The Court has made clear that Article 53 does not compel it to examine the accuracy of a party’s factual submissions ‘in all their details’.Footnote 169 This suggests that while the Court would be well-advised to subject third-party fact-findings reports to the type of scrutiny outlined above, a non-appearing party ‘to some extent forfeits the opportunity to counter the factual allegations of the respective opponent’.Footnote 170 By definition, a non-appearing party cannot rebut whatever prima facie case a fact-finding report might establish, which opens the door to the Court crediting such materials. (In practical terms, this could operate just as if the non-appearing party had refused to cooperate with a request by the Court to address the facts set out in a report, leading the Court to draw an adverse inference.) The Court should not shy away from this possibility, so long as it has adequately ‘stress-tested’ the fact-finding report itself. At the same time, the Court cannot reasonably be expected to identify every possible shortcoming in a fact-finding body’s report, especially since certain errors or misapprehensions might be knowable only by the party that has, in essence, forfeited its right to raise those challenges.
5. Conclusion
This article has made the case that the indicia currently used by the Court to establish the credibility and value of inquiry body reports are unsatisfactory and not always applied in consistent or coherent ways. With a view to bolstering the persuasive authority of its own decisions, the Court could do more to demonstrate that it is not taking a purely intuitive or deferential approach to these materials. But this requires the Court to engage proactively with how inquiry bodies go about their work. To be clear, the argument is not that the ICJ should reject third-party fact-finding or hold such reports to an impossible standard, but rather that the Court’s credibility and the weight of its decisions demands more dynamic engagement. This extends to dealing with ill-founded or politically motivated criticisms of third-party fact-findings that, if not addressed, may undermine the Court’s work.

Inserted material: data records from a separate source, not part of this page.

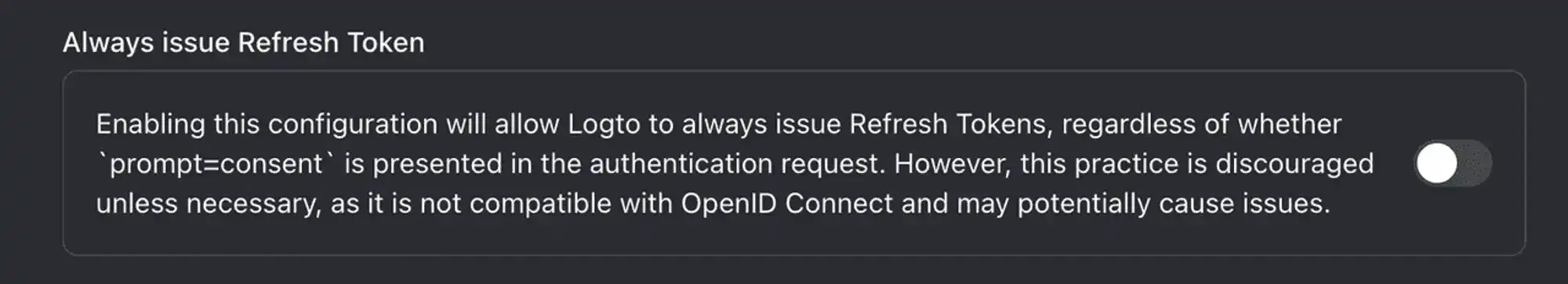 Some products may require a Refresh Token when sending token exchange requests to Logto. For OAuth, you only need to make sure the offline_access scope is included. According to the OIDC protocol, by default, the product must also add the prompt=consent search parameter in the initial authorization request for the Authorization Code flow; otherwise, no Refresh Token will be issued.
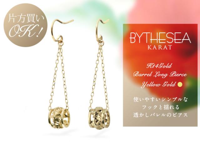 透かし彫りが施されたバレルチャームが、可憐にゆれるロングピアス
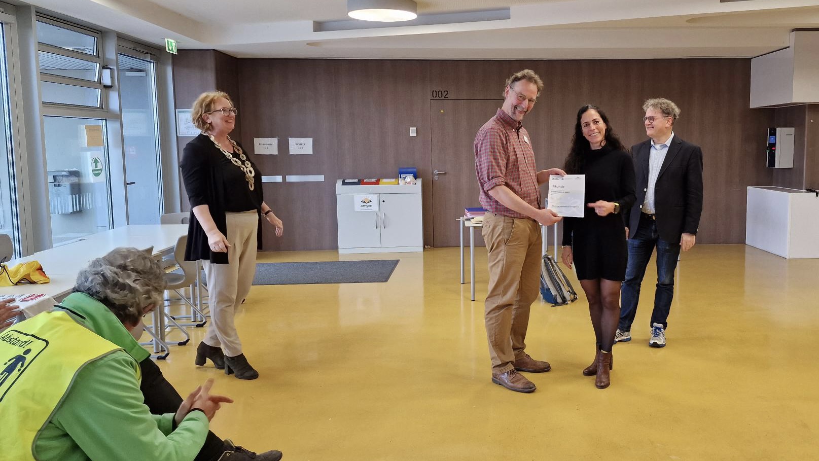 Bei der feierlichen Siegerehrung waren neben zahlreichen Schüler*innen Schulleiterin Frau Herbst und die Stadtradel-Koordinatorin des Taunusgymnasiums, Frau Schneider, anwesend. Bürgermeister Leonhard Helm drückte seine Anerkennung für den tollen Erfolg aus. Und schließlich wurden auch noch ein paar begehrte Sonderpreise verlost: Freikarten fürs Freibad in der kommenden Saison.
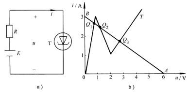 ,與隧道二極管T連接,后者的特性可用三段近似直線表示(圖11-4-3b),求工作點(diǎn)。
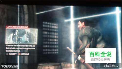 任务:CAGED FIGHYER 胜利目标:救人 对于已经杀人如麻的主角来说这个任务已经很简单了,用枪或者飞刀杀了弓箭手,然后解决了地上的小兵,进去开门,之后接到任务。
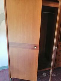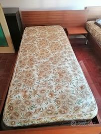 2 letti singoli con reti metalliche, armadio e scrivania con sedia
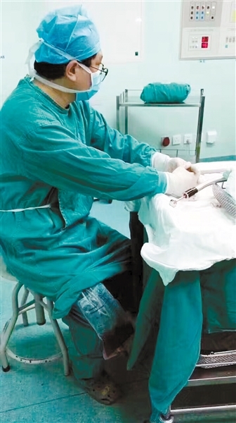 3月17日,正在手術(shù)臺上工作的袁家天突發(fā)急性輸尿管結(jié)石,出現(xiàn)劇烈疼痛,他讓手術(shù)室護士打了一針強效止痛針后,才堅持把手術(shù)做完。后來,在妻子的勸導(dǎo)下,他在泌尿外科做了輸尿管鏡碎石取石手術(shù)。就在手術(shù)前,他還在詢問第二天的手術(shù)安排,并且不顧勸說,堅持要親自主刀,“好多都是老病人,我也答應(yīng)人家親自主刀,而且患者病情危急,不能耽誤!”
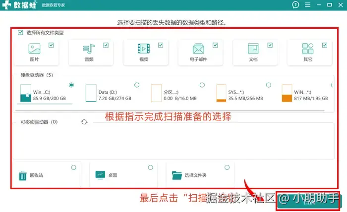 第1步: 打开软件进行首页,根据指示选择指定文件类型和位置进行扫描,类型不确定的话也可以直接全选。选好后点击“扫描”;
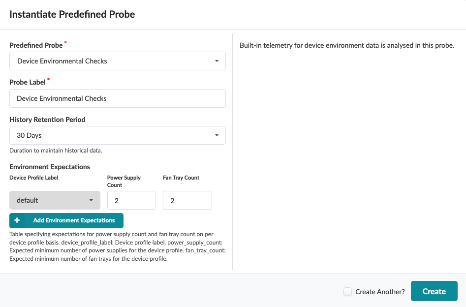 The device environmental checks probe is enabled only for Juniper devices.
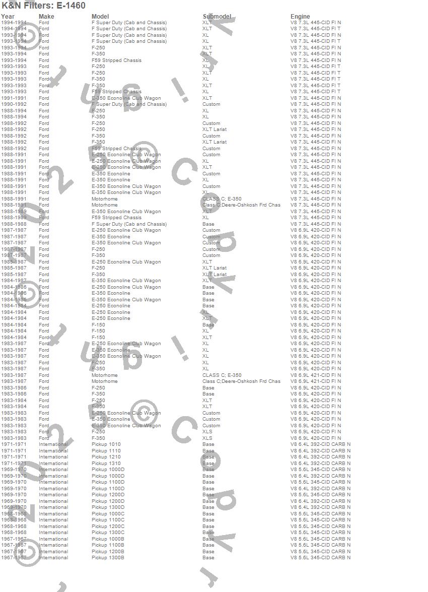 Below is an abbreviated list of applications for the Air Filter.E-250 Econoline, E-250 Econoline Club Wagon, E-350 Econoline, E-350 Econoline Club Wagon, F Super Duty, F-150, F-250, F-350, F59, Motorhome, Pickup 1000B, Pickup 1000C, Pickup 1000D, Pickup 1010, Pickup 1100B, Pickup 1100C, Pickup 1100D, Pickup 1110, Pickup 1200B, Pickup 1200C
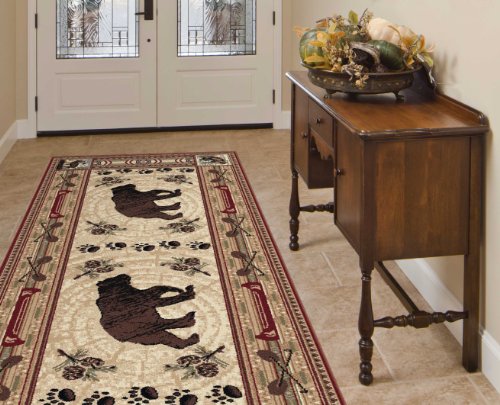 Studio : Universal Rugs Publisher : Universal Rugs Binding : Misc. Product Description Inspired by the majesty of the forest, featuring earthy colors and finely detailed scenes of nature. Created in shades of brown with highlights of red, green and blue, this bear is sure to grab your attention. This runner is the perfect choice to bring the outdoors inside. It is constructed from 100% polypropylene for lasting quality. This rug is available in two sizes for versatility. 0
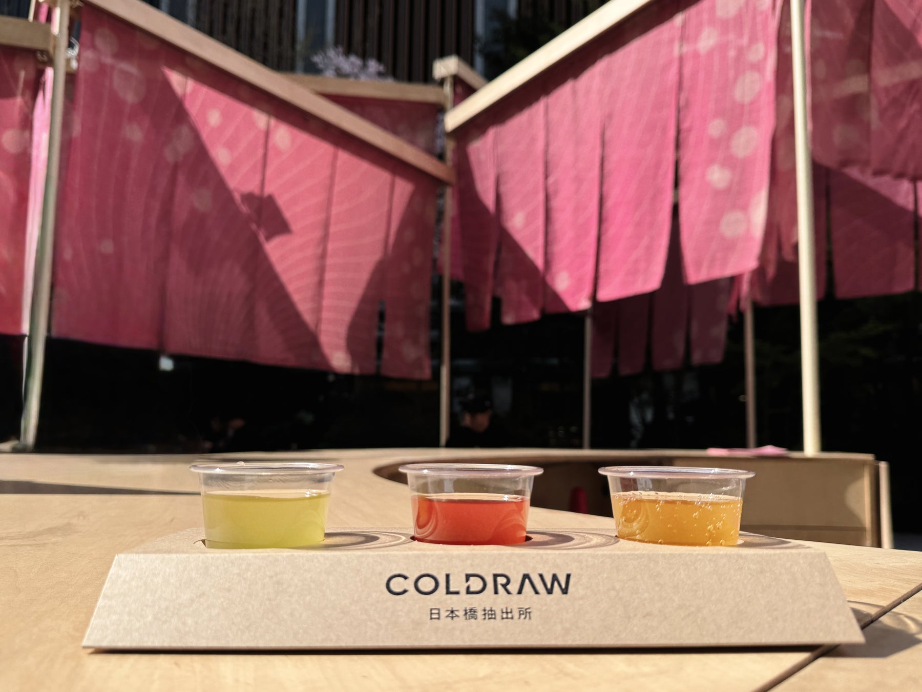 特許取得の独自技術を活かし、植物の恵みを凝縮した芳醇で華やかなプレミアムノンアルコール飲料を開発・提供することで、新たな飲食体験のムーブメント創出を目指すCOLDRAW株式会社(以下、COLDRAW)は、一般社団法人日本橋室町エリアマネジメントが開催したSAKURA FES NIHONBASHI 2025内で、3月29日(土)〜30日(日)にかけて2日間限定でCOLDRAWドリンクを販売しました。この限定出展に合わせ、春や桜をテーマにした2つのドリンクを新たに開発し、シグネチャードリンクの阿波柑と合わせて3種のフレーバーを販売しました。

This study also suggests the need for research into the possible negative implications of a world in which damning reports by inquiry bodies or other UN entities precede judgments by the ICJ or other international courts and tribunals that fail to match expectations, as in the 2024 judgment in Ukraine v. Russia. This goes less to the weight that courts should attribute to fact-finding reports, however, and more to the disconnect between the non-binding ‘judgment’ that an inquiry body’s report may reflect and the very different judgment that an international court may deliver. Inquiry bodies do not necessarily pursue the same goals or serve the same function as international courts.Footnote 171 For this reason, inquiry body reports may create unrealistic expectations about litigation outcomes. It is conceivable that inquiry body practice – and the extensive reliance on inquiry body reports by civil society actors and states in relation to some ICJ proceedings – risks exacerbating broader concerns with strategic litigation at the international level, including the prospect of incoherence among different sources of authority and related threats of disenchantment with international law and backlash against international courts. Whether these are serious concerns, and whether they can be addressed by international courts seeking to achieve greater coherence in how they engage with third-party fact-finding, merits continuing scrutiny.